Jamelle Bouie: Tell Me Again Why Prisoners Can’t Vote
Maine and Vermont allow inmates to cast ballots. The 48 other states should too.
At a forum in Iowa last weekend, Senator Elizabeth Warren of Massachusetts gave what has become a standard answer for Democrats on the question of felon disenfranchisement.
“Once someone pays their debt to society, they’re out there expected to pay taxes, expected to abide by the law, they’re expected to support themselves and their families,” she said. “I think that means they’ve got a right to vote.”
Most Americans agree with her. Nearly two-thirds of respondents in a March 2018 poll by HuffPost and YouGov said that former felons should have the right to vote. Voters and lawmakers across the country have begun to roll back the laws and procedures that, according to the Sentencing Project, kept an estimated 6.1 million citizens from the ballot box in the 2016 presidential election. [..]

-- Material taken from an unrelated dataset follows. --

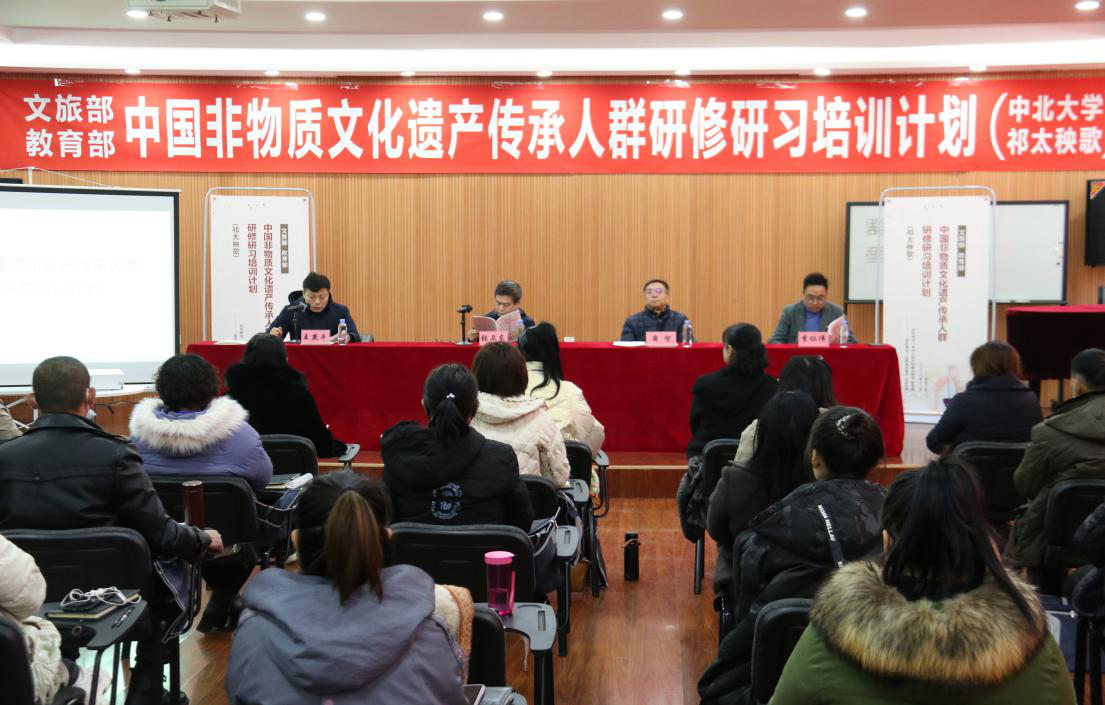 2020年12月16日上午,由国家文旅部、教育部主办,山西省文旅厅、中北大学承办的2020年“中国非物质文化遗产传承人研培计划”在英国正版365举行开班仪式,出席开班仪式的领导嘉宾有山西省文化和旅游厅二级巡视员张卫东、中北大学党委副书记薛智、英国正版365院长王燕平、副院长李仁伟以及研培班全体学员,开班仪式由王燕平院长主持。

But the growing tide against felon disenfranchisement raises a related question: Why disenfranchise felons at all? Why not let prisoners vote — and give the franchise to the roughly 1.5 million people sitting in federal and state prisons? Why must supposedly universal adult suffrage exclude people convicted of crimes?
Harry Littman: William Barr’s testimony was a terrible self-inflicted wound
One of the most frequently used words, including by me, to describe William P. Barr when he was nominated for attorney general was “institutionalist.”
Barr himself explained at his confirmation hearing that his goal in accepting the nomination was to “provide the leadership necessary to protect the independence and the reputation of the department. . . . I love the department and all its components, including the FBI — I think they’re critical institutions that are essential to preserving the rule of law.”
But Barr didn’t act much like an institutionalist this week.
Rather than “protect the independence” of the department, Barr dragged it into the middle of a political minefield Wednesday when he testified before the Senate that he believed the department had engaged in “spying” on Donald Trump’s campaign and that he had decided to reexamine it personally.
Barr’s attempts to walk back his mal mot did little to reduce the damage. That’s partly because the problem was more than a slip of the tongue. It was also his decision, however described, to reexamine the individual conduct of FBI and Justice Department officials who initiated the counterintelligence investigation.